Sources in the Russian security services told the Rosbalt news agency that the arrest of Delimkhanov’s associates was a “demonstrative” (pokazatelnaya) action. According to the sources, two Russian businessmen, Konstantin Zhukov and Yevgeny Katkov had a financial dispute, and the latter asked his relatives for help. One of the relatives turned out to be the wife of a man in Adam Delimkhanov’s entourage. Thus, Said Akhmaev and Lechi Bolatbaev soon became involved in the Zhukov-Katkov quarrel. Indeed, both men often accompanied Delimkhanov in Moscow and were part of the Chechen official’s so-called “headquarters” at the President Hotel, in the Russian capital. As the aforementioned business dispute worsened, Konstantin Zhukov was taken to the President Hotel and threatened with a criminal prosecution and “extradition” to Chechnya. But according to Rosbalt’s sources, Zhukov then complained to his friends in the government, and “the Russian authorities at the highest level” decided to act (Rosbalt, August 24).

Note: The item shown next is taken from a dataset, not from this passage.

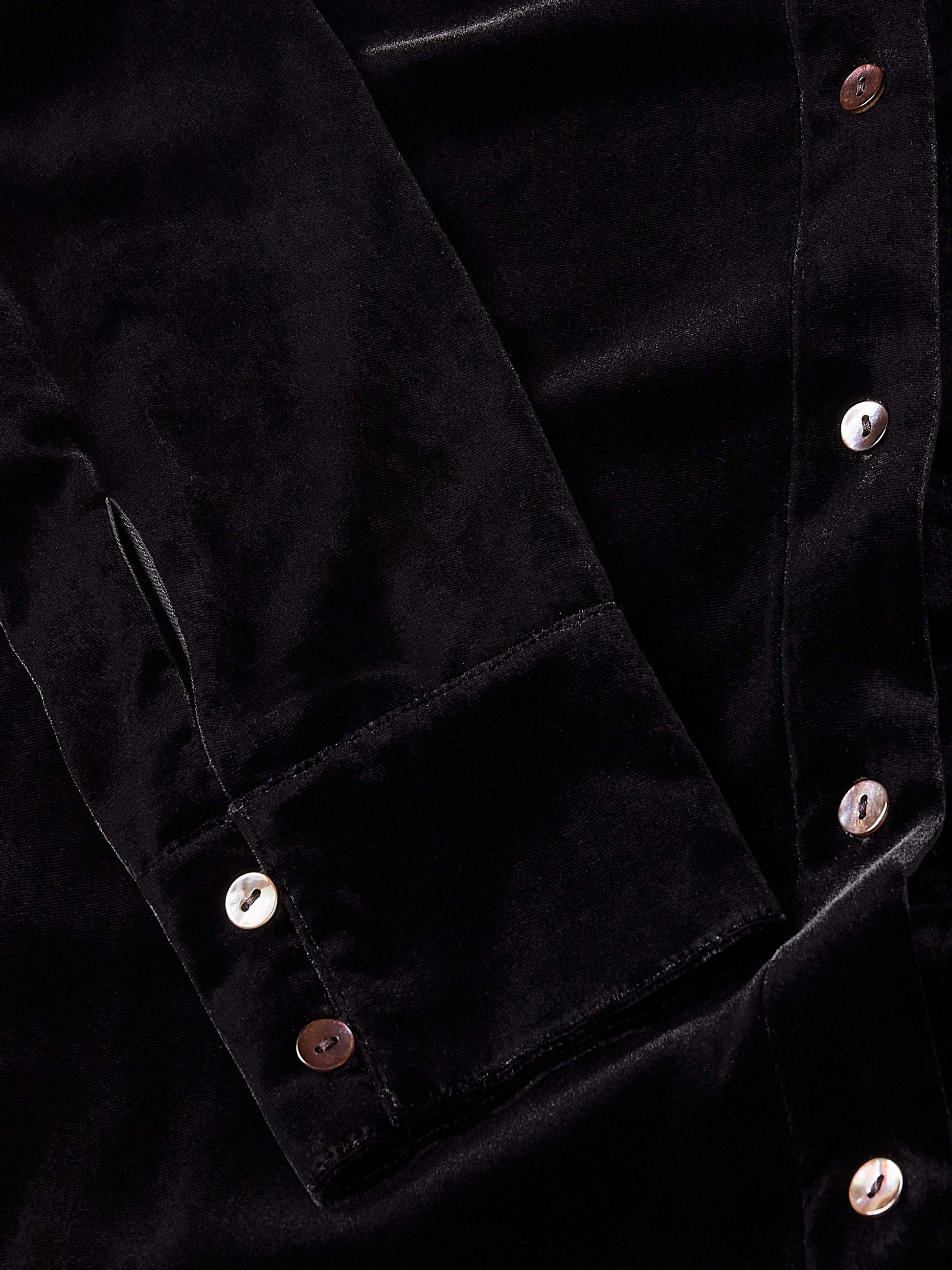 - Detail: Stretch silk velvet with shell buttons and shirring detailing.

Chechen officials in Moscow have engaged in numerous similar incidents in the past, so it is unclear why the authorities cracked down in this particular case, the news agency’s sources noted. One explanation is that the Russian officials justified it to themselves that the attack was directed at people close to Delimkhanov but not to Kadyrov. The Chechen governor, unlike his Duma member cousin, is apparently considered immune to their attacks. Delimkhanov apparently left Moscow hours before the arrest of his close associates “to attend a government meeting” (Rosbalt, August 24); so he may still be inaccessible to the Russian security services.

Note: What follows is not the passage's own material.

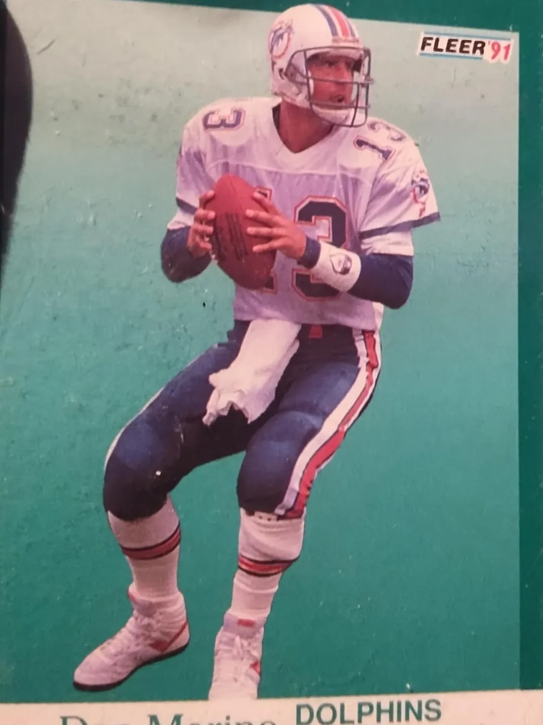 This is a 1991 Fleer football trading card featuring Dan Marino. It's a classic collectible for any Dolphins fan. The card is in good condition.

The circumstances surrounding the August 17 arrest of the alleged racketeers in Moscow point to the possibility that the Russian security services have continued their concerted effort to limit the influence of the Chechen governor outside the republic. Although Putin’s own position on this case remains unclear, it is unlikely that he is unaware of the campaign and does not at least partially support it.

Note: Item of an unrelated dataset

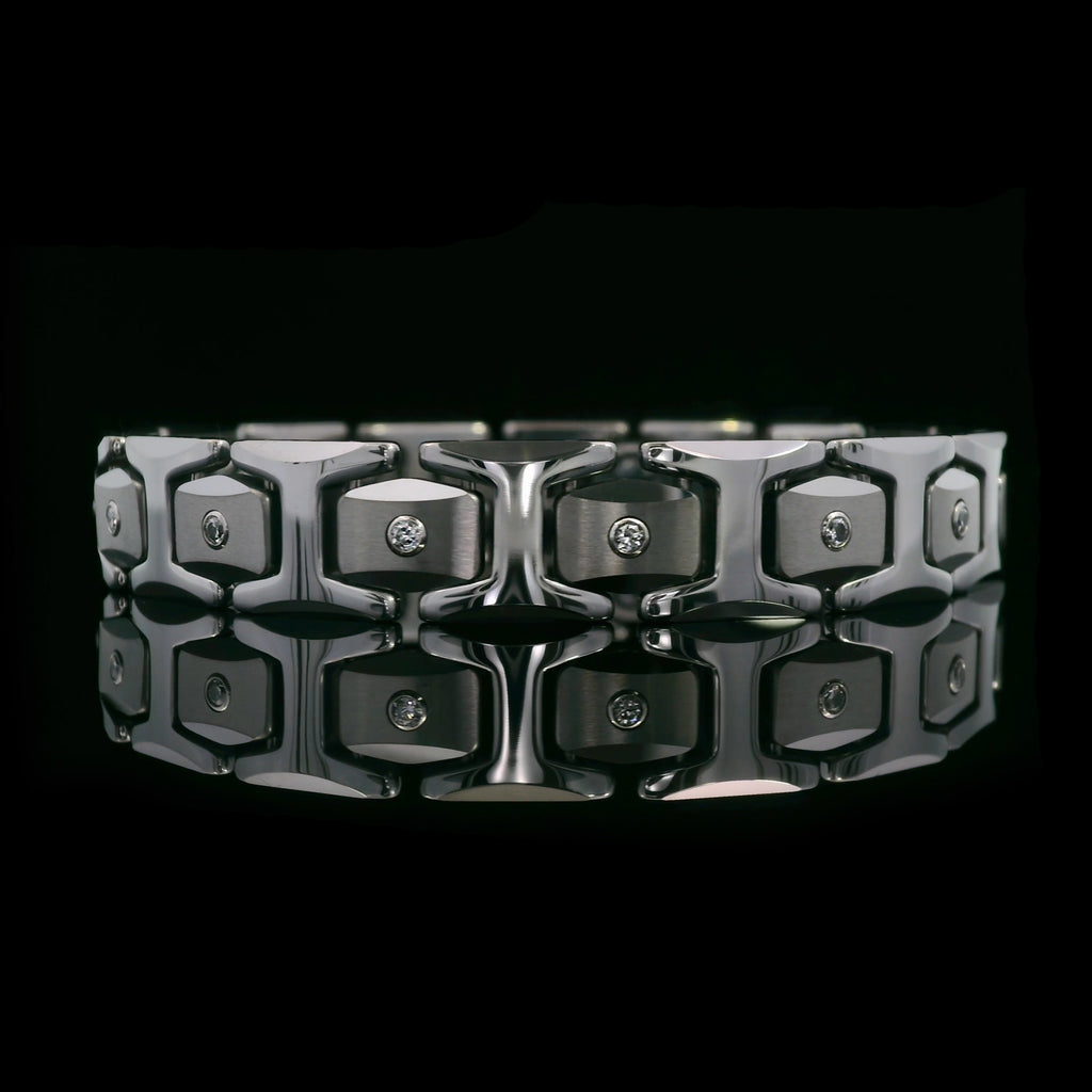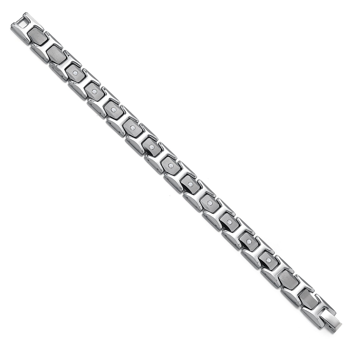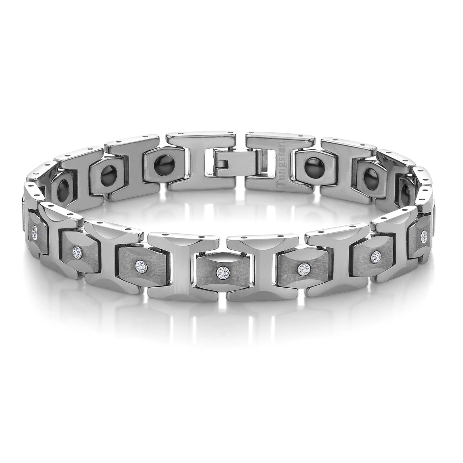 SOPHISTICATED DESIGN: Elevate your style with this sleek and modern men's bracelet. It features a unique combination of brushed finished tungsten links and shiny polished connector links, creating a sophisticated and eye-catching look. 8 Inches in Length with Safety Clasp

Some analysts have long noted that relations between Kadyrov and the Russian security services—particularly the powerful Federal Security Service (FSB)—have been quite rocky. The security services reportedly resent the power Kadyrov received directly from Putin, which allows him to control Chechnya and even carry out operations outside the republic—something no other Russian governor has the ability to attempt. The conflict especially intensified after the brazen assassination of the prominent Russian opposition figure Boris Nemtsov in central Moscow, in February 2015. Russian security services quickly apprehended several individuals with ties to the Chechen government. Since then, the security services have tried to pursue the investigation but never fully completed it, apparently due to internal political battles. The attack on Delimkhanov, therefore, is seen by some as a roundabout assault on Kadyrov by the Russian security services. Even though Kadyrov himself still appears off limits, his closest associates, such as Adam Delimkhanov, are apparently starting to feel the heat generated by the resentment among various Russian officials (, August 27).

Meanwhile, Ramzan Kadyrov is gearing up for Chechen governor elections, which will take place on September 18. Assuming he wins, Kadyrov will be the only elected republican governor in the North Caucasus. All of the region’s other republics have governors appointed by Vladimir Putin. Elections will further strengthen Kadyrov’s position not only Chechnya but also in neighboring territories. Thus, his enemies in Moscow are reportedly trying to undermine the ruler of Chechnya prior to the polls (, August 27). Even though Putin is publicly showing his support for Kadyrov, it appears that he implicitly supports the Russian security services’ pressure on the Chechen governor’s entourage. The goal seems to be to strip Kadyrov of his support base and downgrade him to more of an average governor of a Russian region—one who is fully dependent on Moscow and entirely replaceable by the Kremlin at any time.